J: Well, you know... 'cause, you know, these things aren't exact and you're probably going to cut above or below and you're not going to get in there. Then you don't get any of the filling. The other thing is, if there's a topping on the cake... then whoever get the bottom half of the cake really gets the shitty end of the stick on that deal.

E: Yes. All these are—

J: Look, I'm just trying to point—Science, Ev. I'm just trying to point the facts out here for you. It's a flaw and I'm concerned about this.

E: No, no, these are great assumptions that everybody is making about this cake. I mean I did offer up—

J: What if it's a bundt cake? The bundt cake has that big bubble top to it, you know? And the frosting is—I just don't agree with this whole thing. We're going to have to experiment more with this.

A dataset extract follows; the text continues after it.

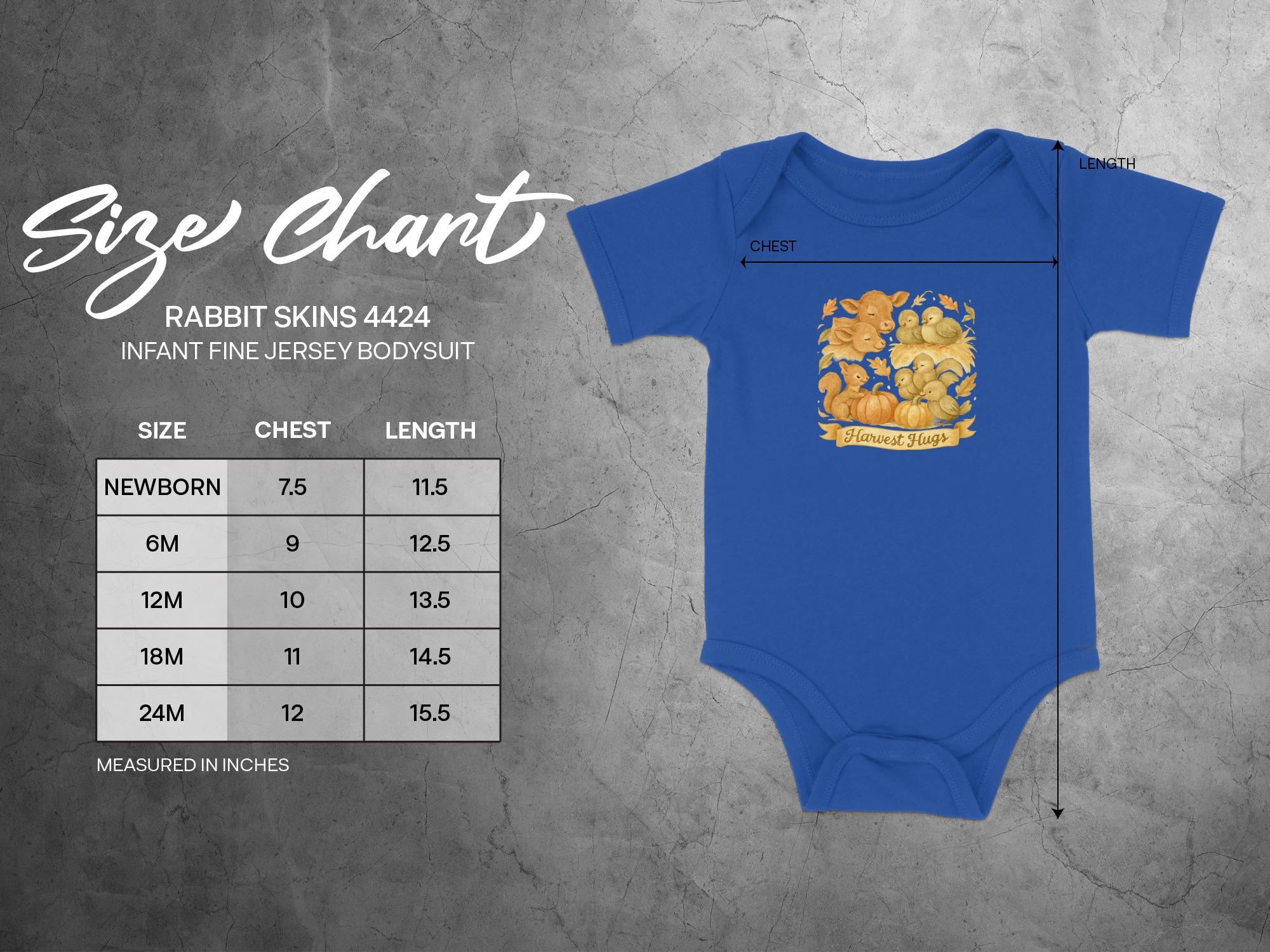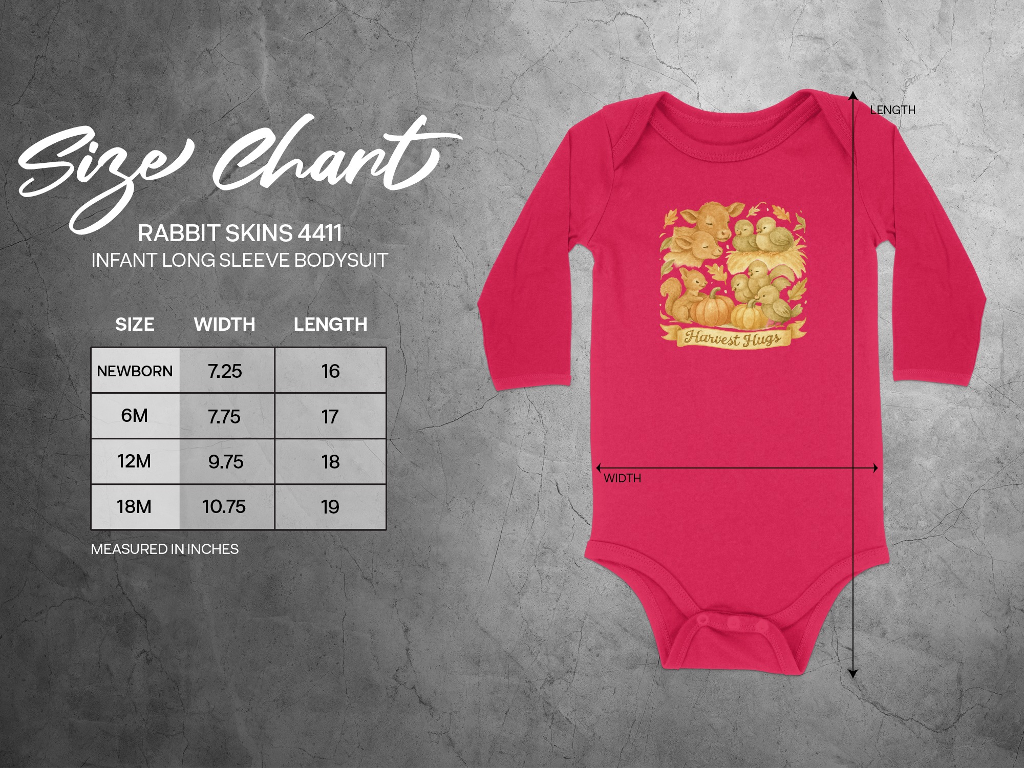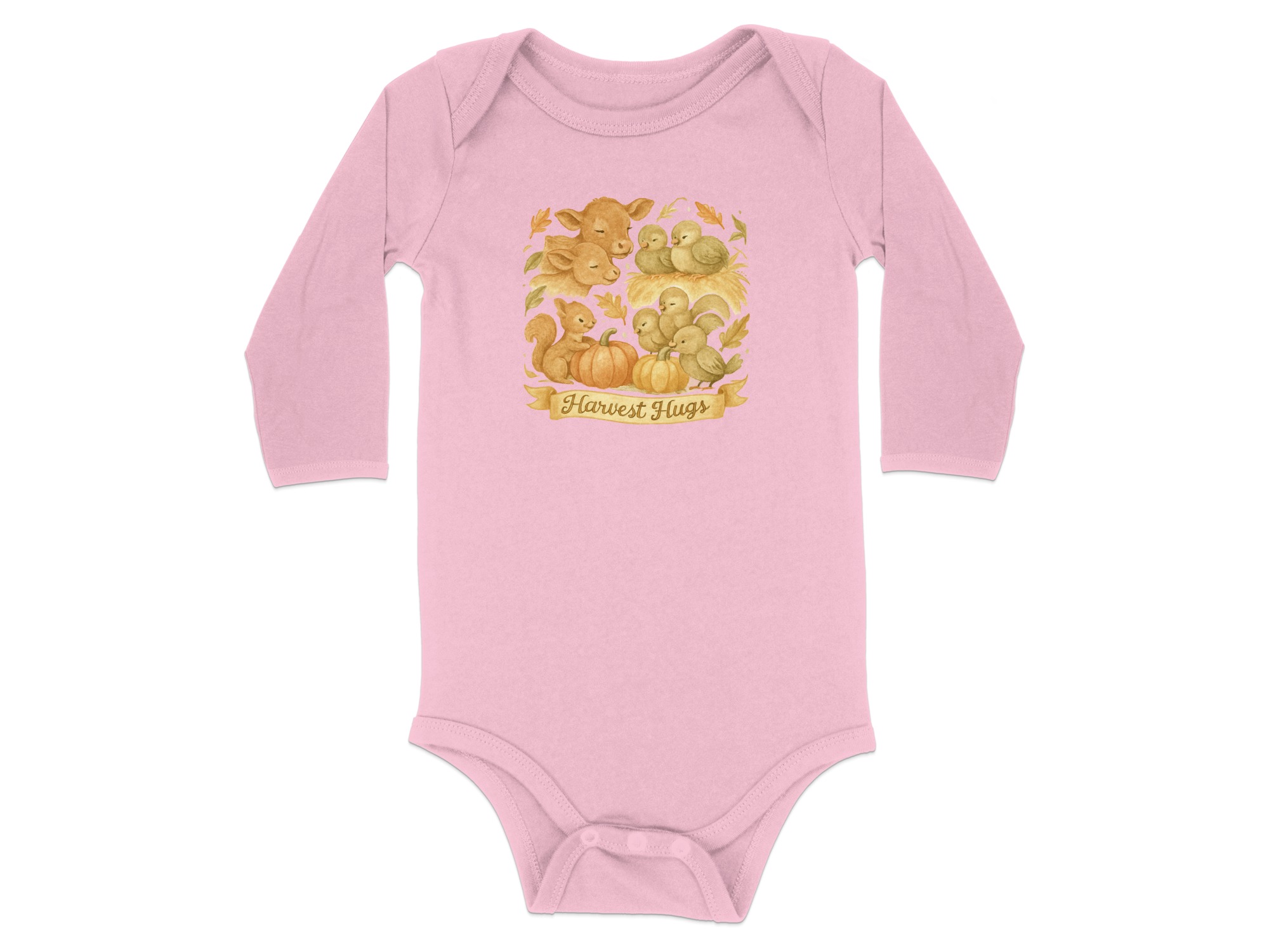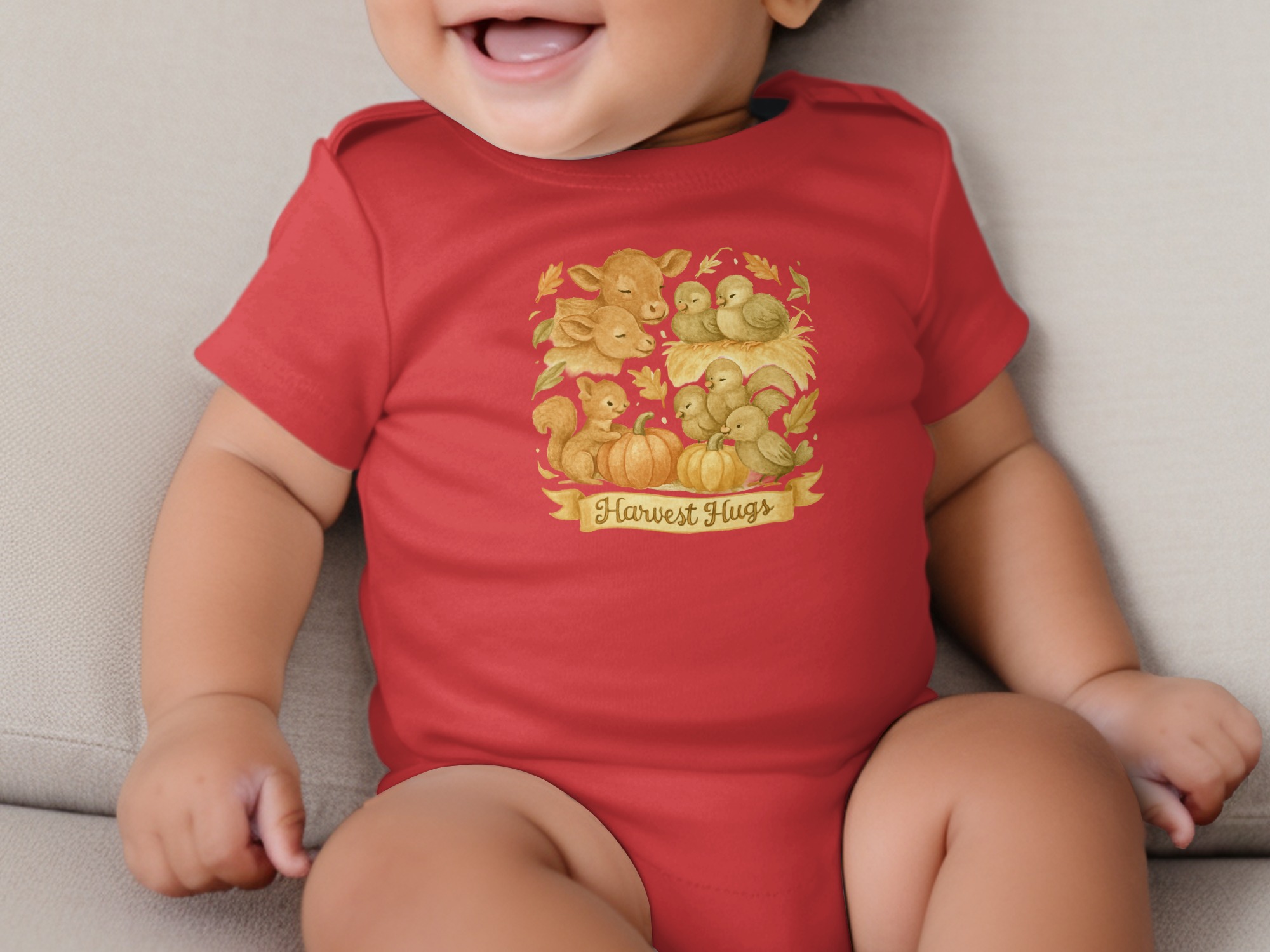 Celebrate autumn with this adorable “Harvest Hugs” bodysuit, perfect for your little one! This charming design features a watercolor-style illustration of baby cows, cute chicks, and a squirrel snuggling pumpkins, surrounded by colorful fall leaves. This design is ideal for celebrating Thanksgiving or adding a touch of seasonal charm to your baby’s wardrobe.

S: See, I like the solution where you cut it into four and then you stack them on top of each other and cut right down through them.

E: There you go. Another solution.

R: That's an unnecessary step.

E: Oh, gosh. Unnecessary steps? Read some of the suggestions on the message boards on how people came up with it.

R: I will not.

E: Quantum equation calculations. It was one winner for this week's drawing. Morius13 [sic] from the message boards. You are this week's winner, so congratulations.

S: So what do you got for this week?

E: All right. Another puzzle this week. Lot of people felt last week's was kind of on the easy side; I'll grant them that. How about this week; we'll challenge you. This one comes courtesy of Martin Gardner. But you won't find it online, folks. If you have any of his old books, though, you might have an advantage. So.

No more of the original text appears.